▶ **The data**
----------

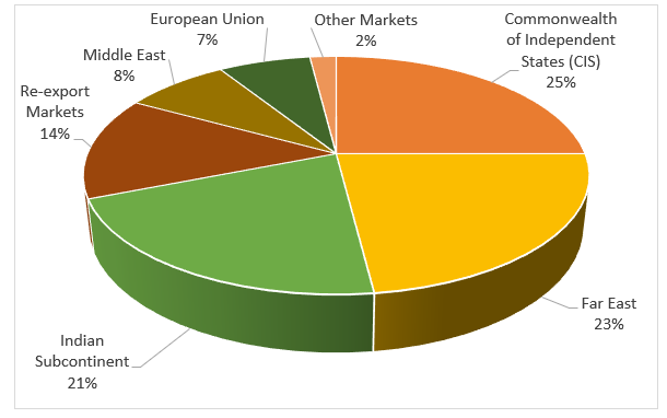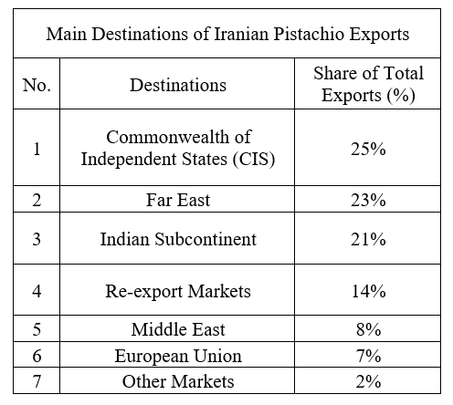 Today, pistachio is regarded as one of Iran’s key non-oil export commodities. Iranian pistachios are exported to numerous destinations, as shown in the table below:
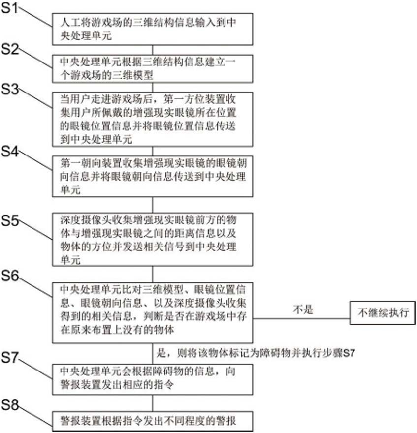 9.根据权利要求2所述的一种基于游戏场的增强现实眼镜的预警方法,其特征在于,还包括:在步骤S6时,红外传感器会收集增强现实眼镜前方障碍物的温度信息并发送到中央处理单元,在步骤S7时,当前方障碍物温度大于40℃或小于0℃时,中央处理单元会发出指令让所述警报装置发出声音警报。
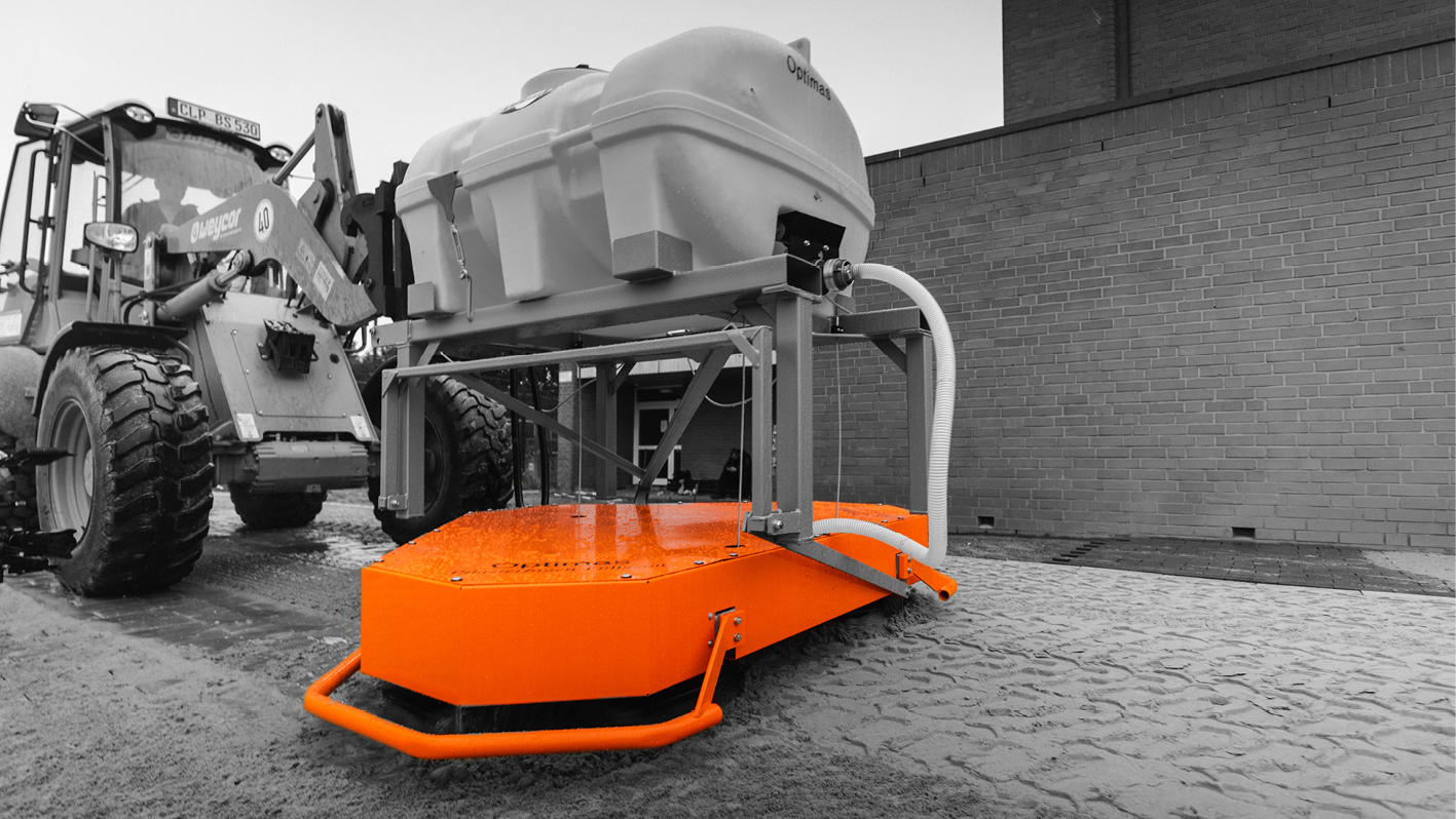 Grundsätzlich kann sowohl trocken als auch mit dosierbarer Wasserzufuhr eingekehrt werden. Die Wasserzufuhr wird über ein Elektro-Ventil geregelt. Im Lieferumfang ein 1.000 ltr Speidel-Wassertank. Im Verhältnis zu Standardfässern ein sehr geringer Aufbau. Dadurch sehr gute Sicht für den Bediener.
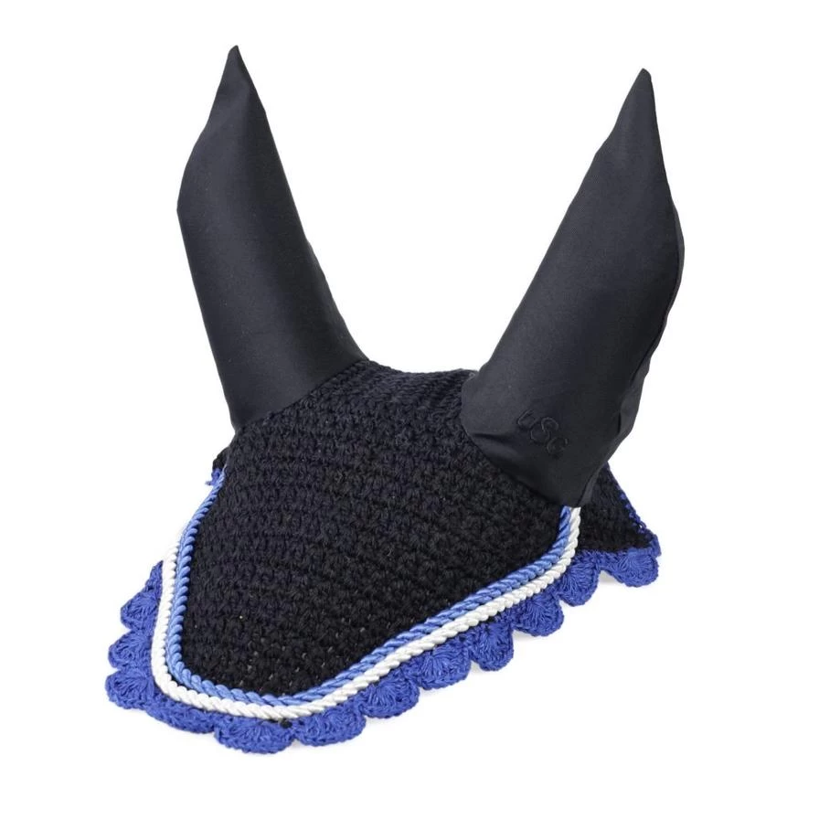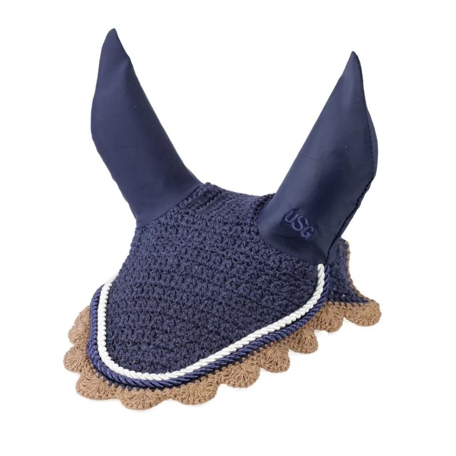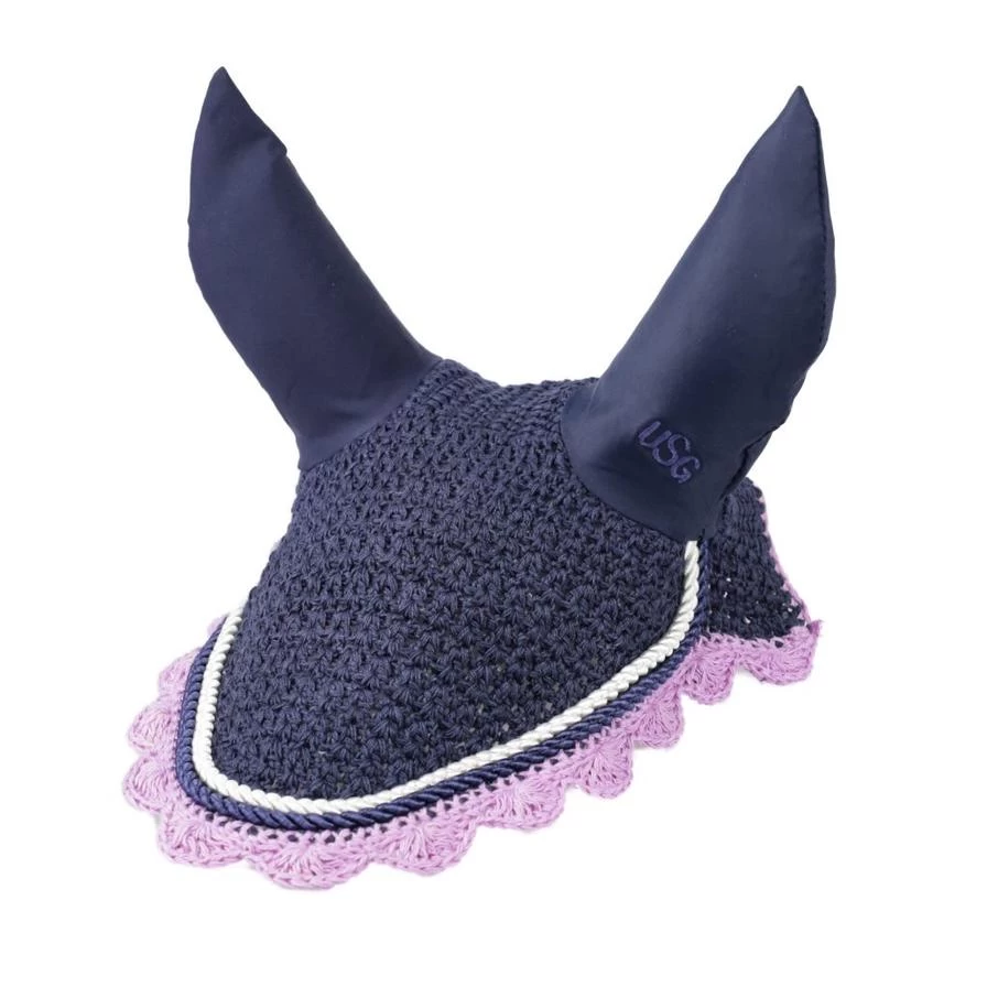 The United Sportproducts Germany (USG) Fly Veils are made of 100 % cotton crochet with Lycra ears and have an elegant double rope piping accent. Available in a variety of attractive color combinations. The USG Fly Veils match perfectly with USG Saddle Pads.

----------

▶ **Requirement**
Starting at the line above that has "9.根据权利要求2所述的一种" and ending at the line that has "Grundsätzlich kann sowohl", copy each line exactly, leaving the pictures out and adding nothing.

▶ **Answer section**
 9.根据权利要求2所述的一种基于游戏场的增强现实眼镜的预警方法,其特征在于,还包括:在步骤S6时,红外传感器会收集增强现实眼镜前方障碍物的温度信息并发送到中央处理单元,在步骤S7时,当前方障碍物温度大于40℃或小于0℃时,中央处理单元会发出指令让所述警报装置发出声音警报。
 Grundsätzlich kann sowohl trocken als auch mit dosierbarer Wasserzufuhr eingekehrt werden. Die Wasserzufuhr wird über ein Elektro-Ventil geregelt. Im Lieferumfang ein 1.000 ltr Speidel-Wassertank. Im Verhältnis zu Standardfässern ein sehr geringer Aufbau. Dadurch sehr gute Sicht für den Bediener.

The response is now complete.